** Opening Data for review block **
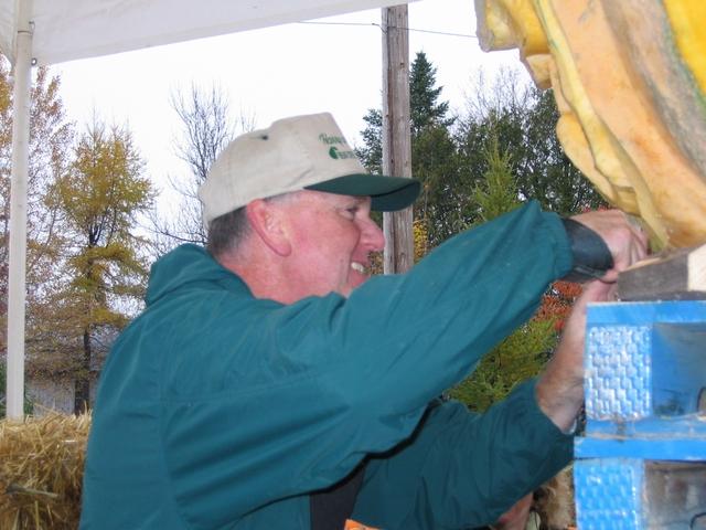 Scott Cully carving Al Eaton's pumpkin (1446 pounds)in Richmond, Ontario
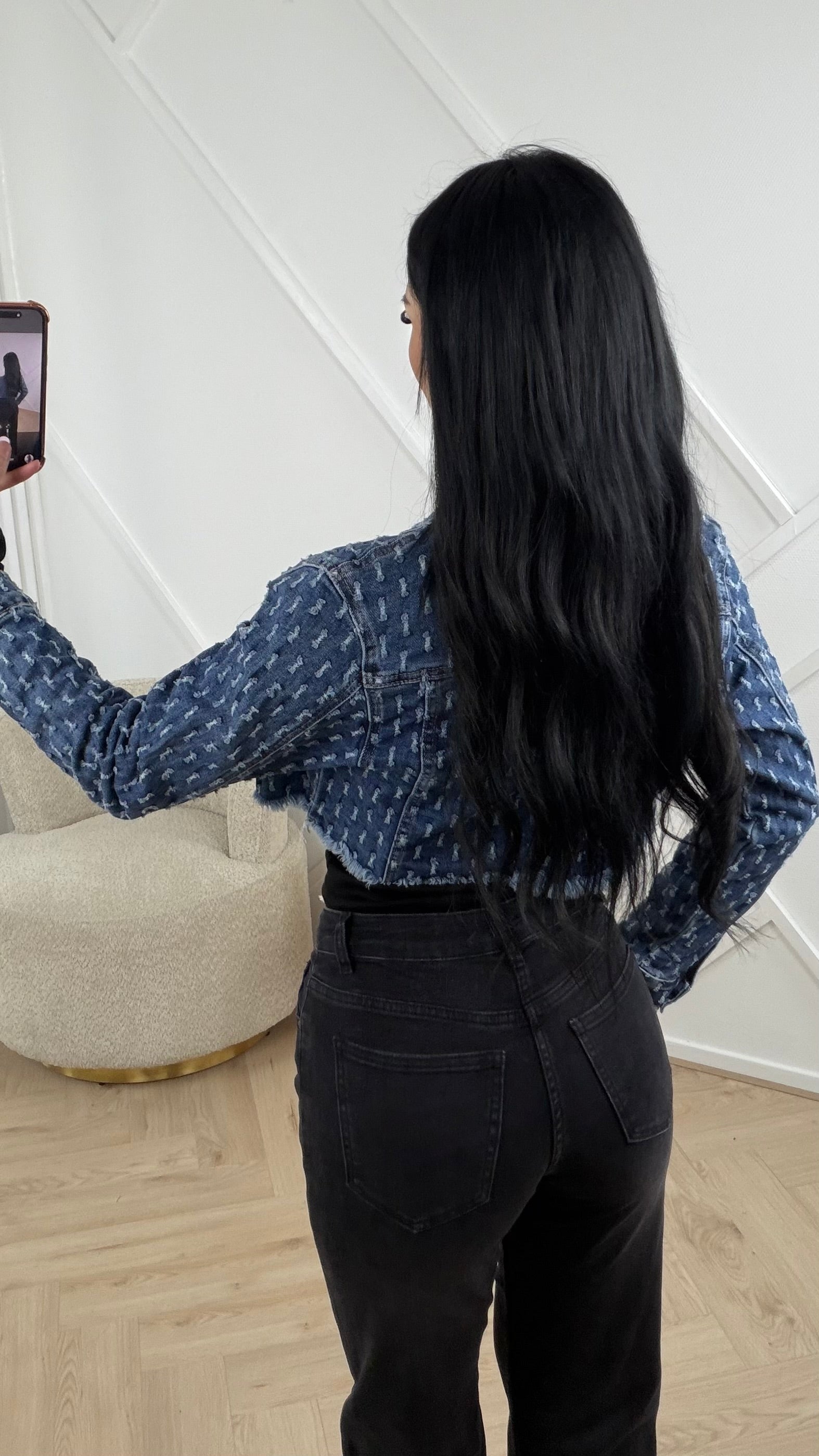Cropped Denim Jasje met Structuurdessin – H637-10
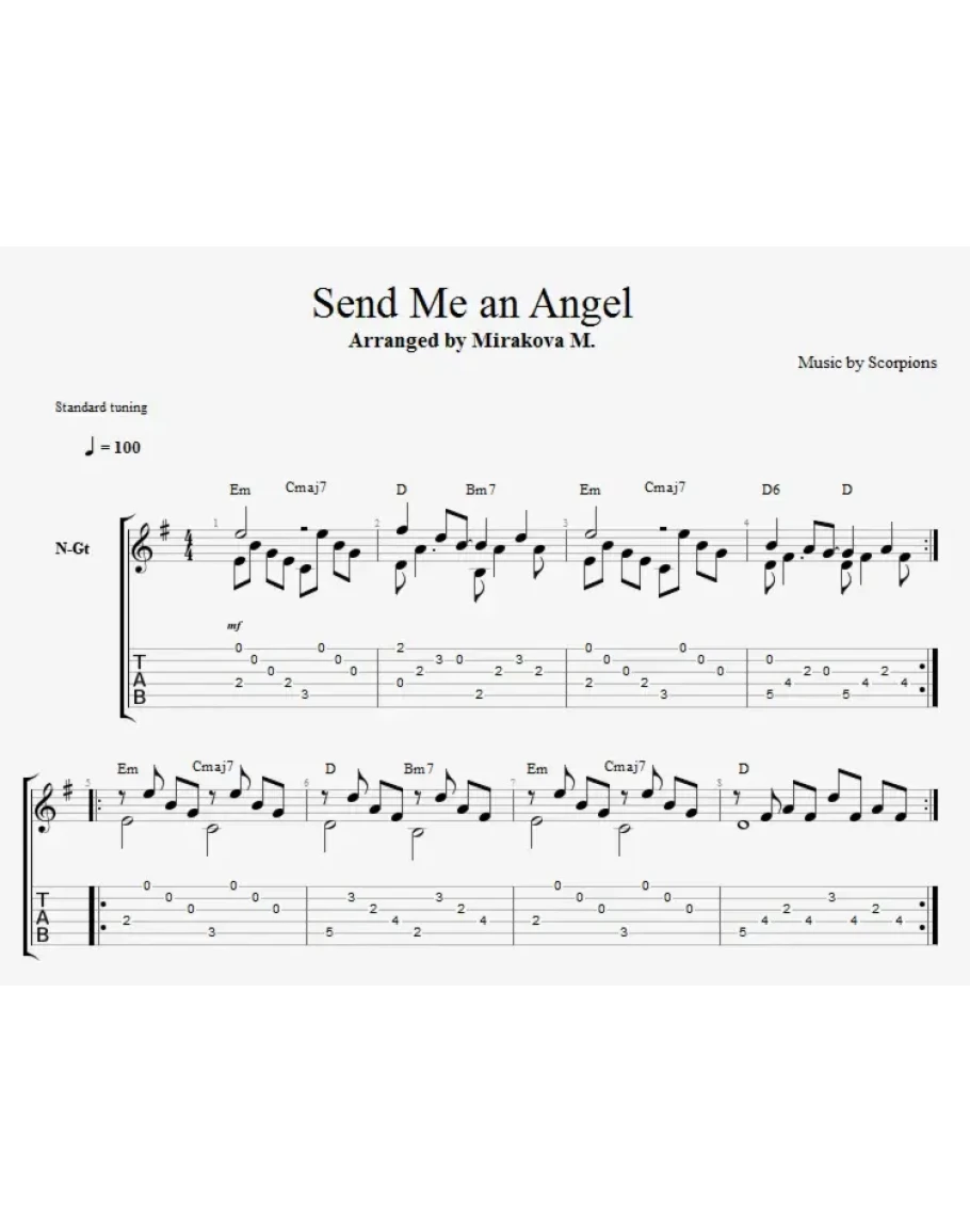 Авторская аранжировка для шестиструнной гитары от Марины Мираковой на композицию Scorpions "Send Me an Angel"
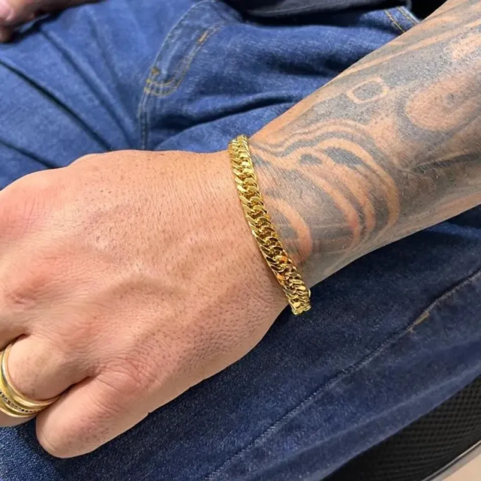 Pulseira banhada a ouro, modelo Grumet Dupla com 21cm de comprimento 9mm de espessura fecho Imã.
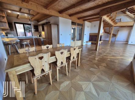 Nabízíme k prodeji solitérní vilu nacházející se ve vyhledávané lokalitě vilkové čtvrti Plumlova s úžasným panoramatickým výhledem. Dům postavený v roce 2000 má velmi neobvykle pojatý interiér propojující přírodu a bydlení. Třípodlažní stavba je umístěná v terénu tak, že z uliční strany je viditelné pouze přízemí s podkrovím a hlavní pohled na stavbu a všechna podlaží je ze zahrady. Dům vel. 4+kk s garáží má v přízemí přístupném z uliční strany vjezd do dvojgaráže, halu s komorou, sam. WC a schodištěm do suterénu, velkorysý obytný prostor s krbem a kuchyňským koutem, schodiště do podkroví s galerií, 2 pokoje, koupelnu (roh. vana, 2x umyvadlo, WC, bidet) a technickou místnost (plyn. kotel, zásobník na teplou vodu, místo pro pračku a sušičku). V suterénu s výhledem do zahrady se nachází hobby místnost, sauna s prostornou vířivkou, místnost s WC a bidetem a samostatné WC. Dům je napojen na veškeré inž. sítě, plynové vytápění kombinace radiátorů a podlahového vytápění, krb v obývacím pokoji, ohřev teplé vody plyn. zásobníkem. Nový kotel ústředního vytápění, zabezpečovací zařízení. Dům je volně postaven na pozemku hlavním průčelím a zahradou orientovanou na západní stranu s výhledem na Drahanskou vrchovinu, zahrada oplocená, osázená okrasnými dřevinami s bazénem, zahradním domkem a tenisovým kurtem. Možnost zakoupení sousedního pozemku o vel. 626 m2. Výborná poloha domu v klidné části městyse a veškerou infrastrukturou v blízkosti Plumlovské přehrady a Podhradského rybníka jako vyhledávané rekreační lokality. PENB – G. Zastavěná plocha: 183 m2, zahrada: 1.466 m2.
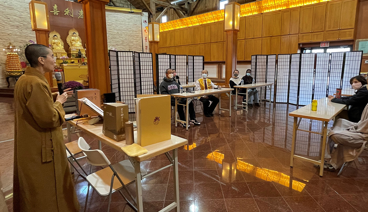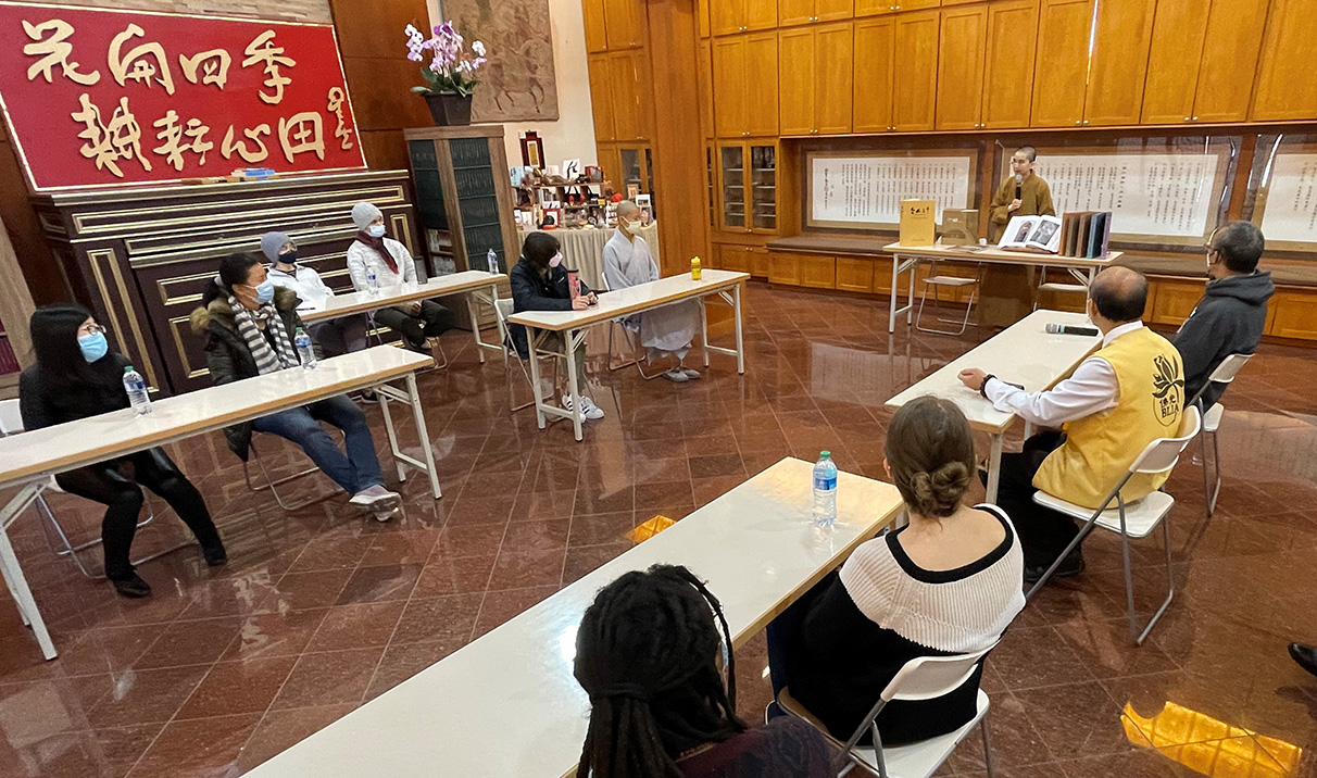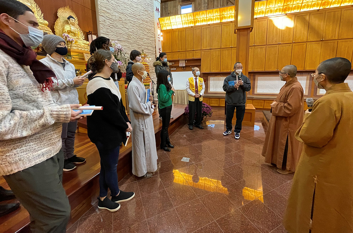 本次親來參訪的9名同學,均是研究所及博士階段的學生,不僅有宗教系中專門研究佛教專業,還有3位是文社科系、一名建築系學生對人間佛教非常感興趣則一同來到芝加哥佛光山。監寺有恆法師專門為他們講解法會程序,同學們認真地學習如何禮佛,跟隨大眾一起誦經修持。同學們覺得意猶未盡,法喜充滿,希望能再來參加芝加哥佛光山的各項法會。
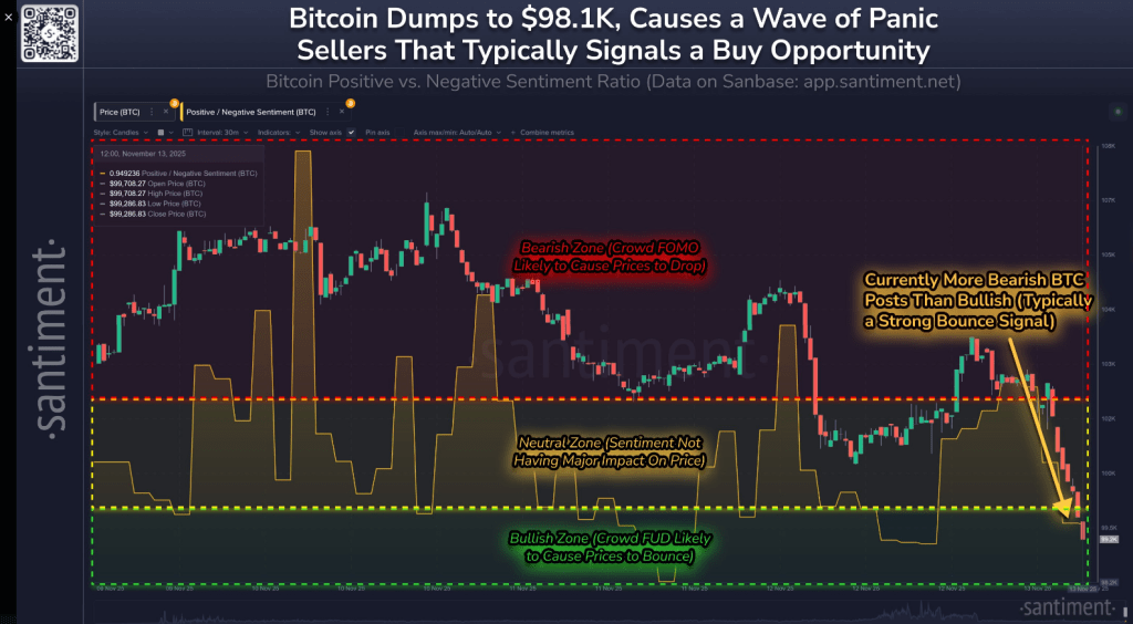 According to Santiment, Bitcoin has fallen below $100K for the second time this month, triggering a burst of fear and worried posts from retail traders.
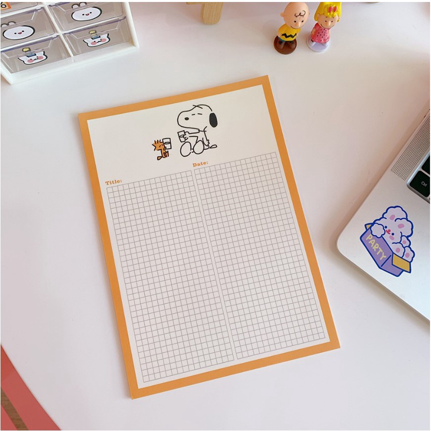 Tập 30 tờ giấy ghi chú note khổ B5 hình snoopy có 2 màu đen và vàng
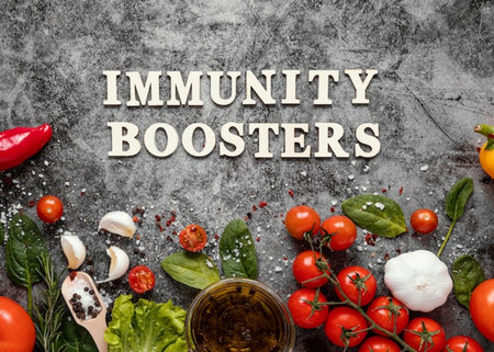 The word IMMUNITY BOORSES and fresh vegetables on stone background
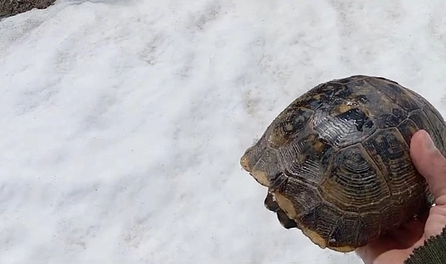 Hakkâri'nin Bağışlı köyünde yaşayan Davut Kaya isimli vatandaş, dağda mantar aradığı sırada, kar üzerinde sırt üstü mahsur kalan kaplumbağayı kurtardı.
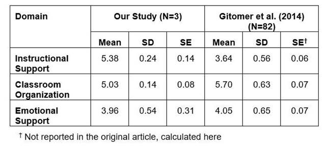 Table 9: Comparing CLASS-S scores between our study (online classes) and Gitomer et al.'s (2014) (traditional classes)
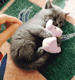 如果猫咪觉得你对它威胁的话,那么猫咪会抱着你的手又咬又蹬,这是猫咪进攻的表现。猫咪通常都是这样跟对方打架的。
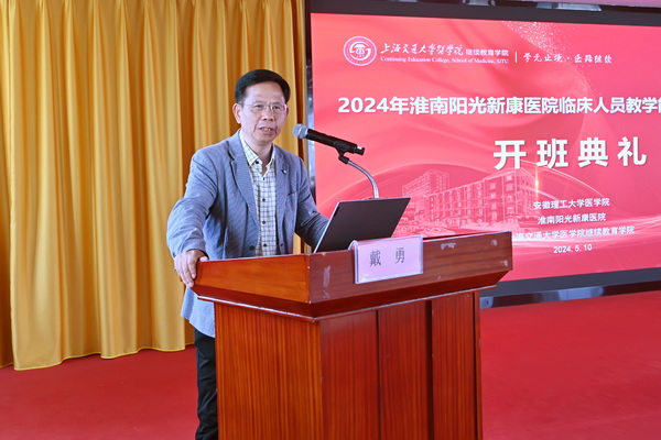 戴勇代表医学部致辞,向辛勤筹办此次培训班的上海交通大学医学院继续教育学院和淮南阳光新康医院表示感谢,对学校发展历史、办学特色,医学院发展现状等情况作了介绍,希望能以此次培训班为契机,按照“高起点、建标准、重实效”的要求,提升临床教师教学水平、规范临床教学行为、推动临床教学改革和教学质量提升,切实推进学校医学教育高质量发展。
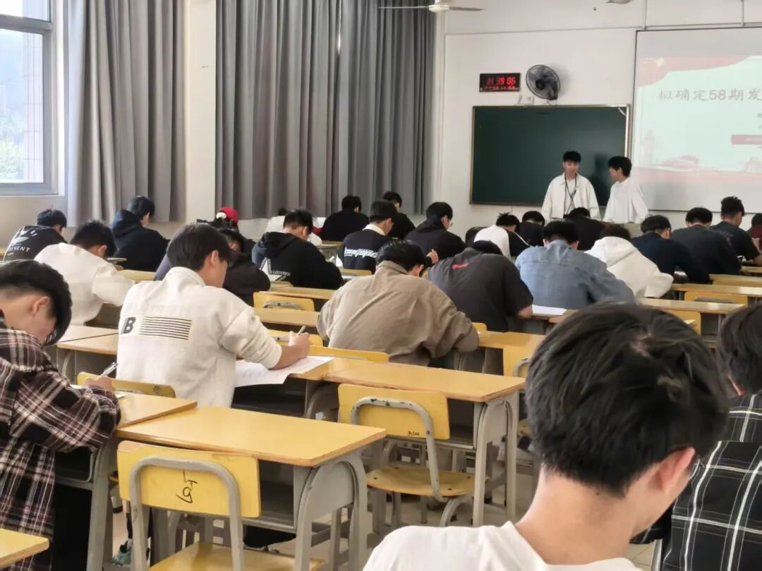 考试采用闭卷形式进行,着重考察入党积极分子对党的基础理论的掌握程度。考试过程中,大家沉着应试,态度端正,作答认真,自觉维护考场秩序,全面展现了入党积极分子应有的政治自觉与优良作风。
** Closing Data for review block **
* [Work task]: Give back the entries verbatim but drop every picture.

* [Result of this exercise]:
 Scott Cully carving Al Eaton's pumpkin (1446 pounds)in Richmond, Ontario
Cropped Denim Jasje met Structuurdessin – H637-10
 Авторская аранжировка для шестиструнной гитары от Марины Мираковой на композицию Scorpions "Send Me an Angel"
 Pulseira banhada a ouro, modelo Grumet Dupla com 21cm de comprimento 9mm de espessura fecho Imã.
 Nabízíme k prodeji solitérní vilu nacházející se ve vyhledávané lokalitě vilkové čtvrti Plumlova s úžasným panoramatickým výhledem. Dům postavený v roce 2000 má velmi neobvykle pojatý interiér propojující přírodu a bydlení. Třípodlažní stavba je umístěná v terénu tak, že z uliční strany je viditelné pouze přízemí s podkrovím a hlavní pohled na stavbu a všechna podlaží je ze zahrady. Dům vel. 4+kk s garáží má v přízemí přístupném z uliční strany vjezd do dvojgaráže, halu s komorou, sam. WC a schodištěm do suterénu, velkorysý obytný prostor s krbem a kuchyňským koutem, schodiště do podkroví s galerií, 2 pokoje, koupelnu (roh. vana, 2x umyvadlo, WC, bidet) a technickou místnost (plyn. kotel, zásobník na teplou vodu, místo pro pračku a sušičku). V suterénu s výhledem do zahrady se nachází hobby místnost, sauna s prostornou vířivkou, místnost s WC a bidetem a samostatné WC. Dům je napojen na veškeré inž. sítě, plynové vytápění kombinace radiátorů a podlahového vytápění, krb v obývacím pokoji, ohřev teplé vody plyn. zásobníkem. Nový kotel ústředního vytápění, zabezpečovací zařízení. Dům je volně postaven na pozemku hlavním průčelím a zahradou orientovanou na západní stranu s výhledem na Drahanskou vrchovinu, zahrada oplocená, osázená okrasnými dřevinami s bazénem, zahradním domkem a tenisovým kurtem. Možnost zakoupení sousedního pozemku o vel. 626 m2. Výborná poloha domu v klidné části městyse a veškerou infrastrukturou v blízkosti Plumlovské přehrady a Podhradského rybníka jako vyhledávané rekreační lokality. PENB – G. Zastavěná plocha: 183 m2, zahrada: 1.466 m2.
 本次親來參訪的9名同學,均是研究所及博士階段的學生,不僅有宗教系中專門研究佛教專業,還有3位是文社科系、一名建築系學生對人間佛教非常感興趣則一同來到芝加哥佛光山。監寺有恆法師專門為他們講解法會程序,同學們認真地學習如何禮佛,跟隨大眾一起誦經修持。同學們覺得意猶未盡,法喜充滿,希望能再來參加芝加哥佛光山的各項法會。
 According to Santiment, Bitcoin has fallen below $100K for the second time this month, triggering a burst of fear and worried posts from retail traders.
 Tập 30 tờ giấy ghi chú note khổ B5 hình snoopy có 2 màu đen và vàng
 The word IMMUNITY BOORSES and fresh vegetables on stone background
 Hakkâri'nin Bağışlı köyünde yaşayan Davut Kaya isimli vatandaş, dağda mantar aradığı sırada, kar üzerinde sırt üstü mahsur kalan kaplumbağayı kurtardı.
 Table 9: Comparing CLASS-S scores between our study (online classes) and Gitomer et al.'s (2014) (traditional classes)
 如果猫咪觉得你对它威胁的话,那么猫咪会抱着你的手又咬又蹬,这是猫咪进攻的表现。猫咪通常都是这样跟对方打架的。
 戴勇代表医学部致辞,向辛勤筹办此次培训班的上海交通大学医学院继续教育学院和淮南阳光新康医院表示感谢,对学校发展历史、办学特色,医学院发展现状等情况作了介绍,希望能以此次培训班为契机,按照“高起点、建标准、重实效”的要求,提升临床教师教学水平、规范临床教学行为、推动临床教学改革和教学质量提升,切实推进学校医学教育高质量发展。
 考试采用闭卷形式进行,着重考察入党积极分子对党的基础理论的掌握程度。考试过程中,大家沉着应试,态度端正,作答认真,自觉维护考场秩序,全面展现了入党积极分子应有的政治自觉与优良作风。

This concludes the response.